Santander collects 7000 500 million euros from a sale of shares as the new CEO, Ana Botin, breaks radically with the strategy of his late father and cut dividends Spanish bank by two thirds.
However, the group’s shares fell 14.09%, which dragged the Spanish Stock Exchange (FTSE 35), which lost nearly 3.91% in trading yesterday.
The actions show that Booty stamped his authority on the rule of taking over four months after his father died Emilio, who led the bank for more than a quarter century.
The largest bank in the eurozone, previously resisted pressure from investors to raise capital, said it would use the funds to finance organic growth. But the decision raised speculation about possible acquisitions and caused a considerable increase in the value of shares in Monte dei Paschi di Siena, Italy-not a troubled bank.
Analysts said Botín put the interests of the investors over those of his family, whose share of 2% may be diluted with the issue of shares
“The capital addresses two major concerns about the bank and its actions: 1) perception -. and the reality that Santander is within the largest banks in Europe, which has the weakest capitalization in terms of maximum quality of Basel III fully loaded (Basel III is a reform for bank) regulation, and 2) that his payout ratio is excessive, “Citigroup analysts said.

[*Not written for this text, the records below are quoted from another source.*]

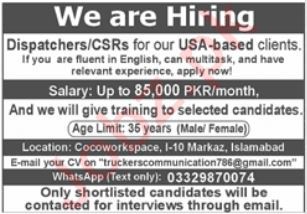 Private Company I-10 Markaz Islamabad, islamabad Islamabad Pakistan invites applications from eligible candidates for the post of dispather and csr as per advertisement of April 6, 2025 published in daily Jang Newspaper. Candidates with Master and Bachelor etc. educational background will be preferred.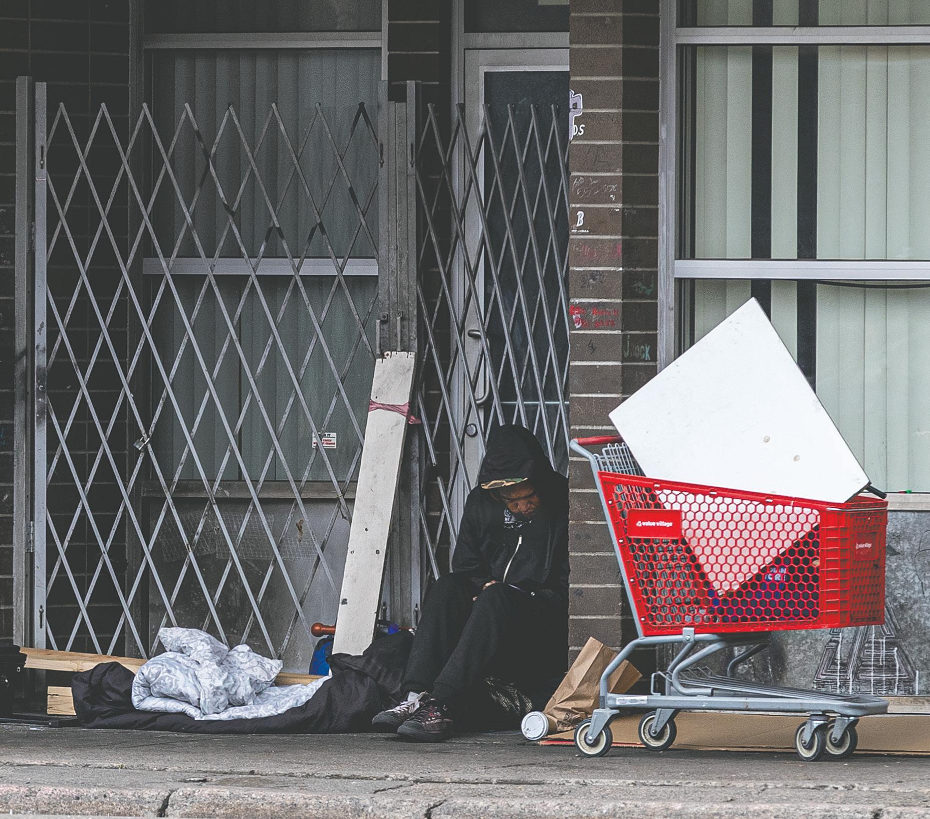 A person takes shelter against a downtown storefront in this photo from the summer of 2024. AWAC is calling on city council to step up when it comes to addressing issues like homelessness and crime.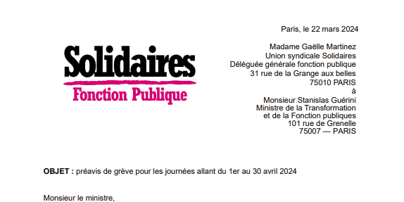 L’Union syndicale Solidaires Fonction publique dépose un préavis de grève pour les journées allant du 1er au 30 avril 2024 (de 0 h à 24 h).

Santander, which analysts say has the weakest among its counterparts balance, faces pressure to increase this capital since Deutsche Bank raised 8 billion euros last year, according to bankers.
The bank’s shares of Spanish origin were suspended yesterday as the board meeting discussed the plan and increased 3 percent before the announcement of the sale of shares, which reported first Financial Times .
Santander expects 2014 net profits rise 30 per cent to 5000 800 million euros . It also announced it would cut its annual dividend from 0.60 to 0.20 euros
about a thousand 258 million shares will be issued at a value of between 6.18 and 6.50 euros, a discount of 5 to 10 percent.
Unlike most banks, Santander refuses to disclose its common equity ratio premier under the rules of Basel III fully loaded (high quality). But analysts estimate was 8.5 percent in late December, the lowest in a group of over 30 among the largest banks in Europe.
After the fundraiser is expected to bank’s capital ratio increases to about 10%, below the industry average is 11%.
However, advirtie-ron analysts that if Santander, which is in talks to buy Novo Banco de Portugal, makes a big purchase, you probably need to raise even more.